_Task statement_
Output the full listing below exactly; the images stay out.

**** Information supplied ****

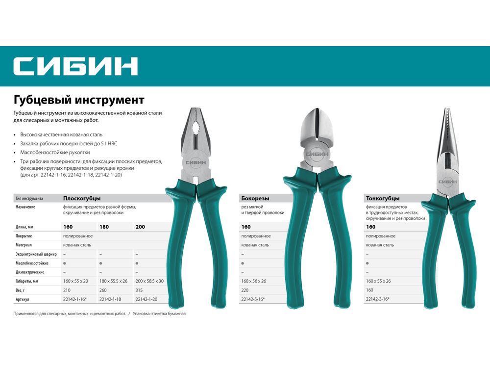 СИБИН 160 мм, плоскогубцы (22142-1-16)-35
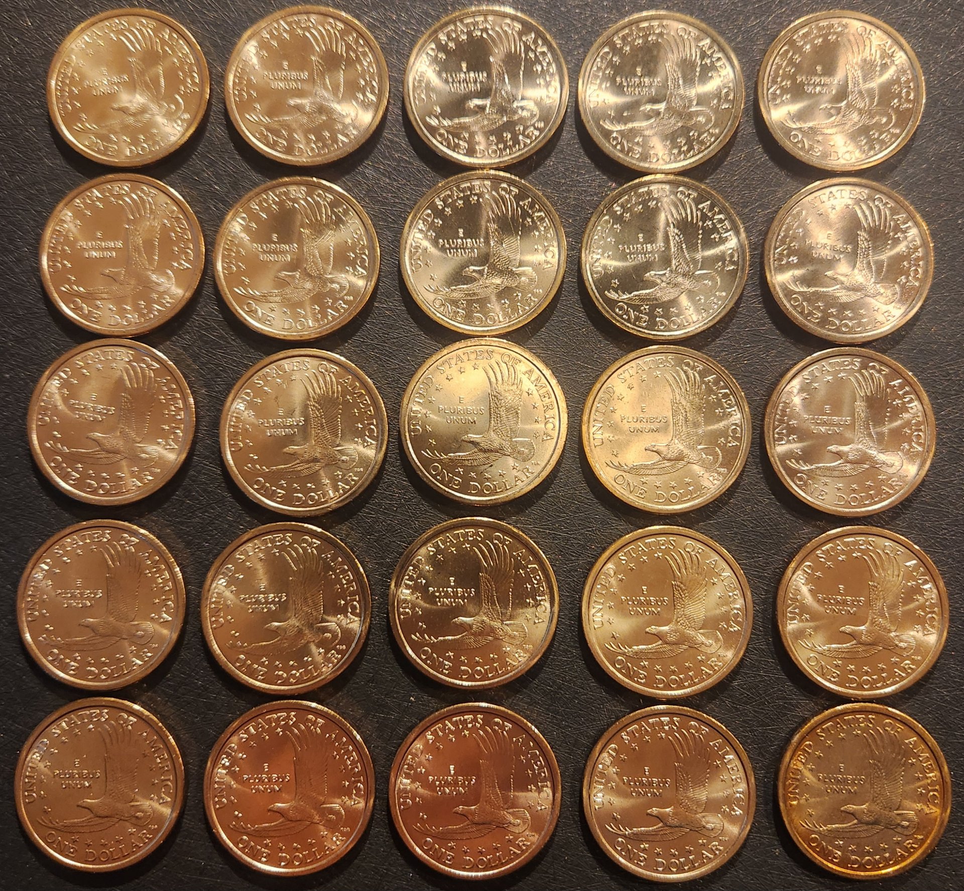The moment of truth is here. I'm unwrapping the roll as I type this: I'm enthusiastic! I apparently picked up this roll in its inaugural year. Every Sacajawea is a 2000-P. And since it isn't a mint wrapped roll, it is possible the bank rewrapped this roll with a Cheerio in it. I have not looked at any of the reverses yet. Nor have I scoured the obverse for any anomalies. Here's a pic of the unsearched obverses. I'm hoping someone with knowledge of Sacajawea's can tell me what to look for.
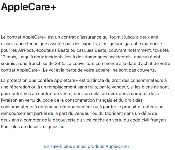 Du coup, si quelqu'un sait ce que couvre Apple Care pour des AirPods, ça m'intéresse.

****

_Output of the exercise_
 СИБИН 160 мм, плоскогубцы (22142-1-16)-35
The moment of truth is here. I'm unwrapping the roll as I type this: I'm enthusiastic! I apparently picked up this roll in its inaugural year. Every Sacajawea is a 2000-P. And since it isn't a mint wrapped roll, it is possible the bank rewrapped this roll with a Cheerio in it. I have not looked at any of the reverses yet. Nor have I scoured the obverse for any anomalies. Here's a pic of the unsearched obverses. I'm hoping someone with knowledge of Sacajawea's can tell me what to look for.
 Du coup, si quelqu'un sait ce que couvre Apple Care pour des AirPods, ça m'intéresse.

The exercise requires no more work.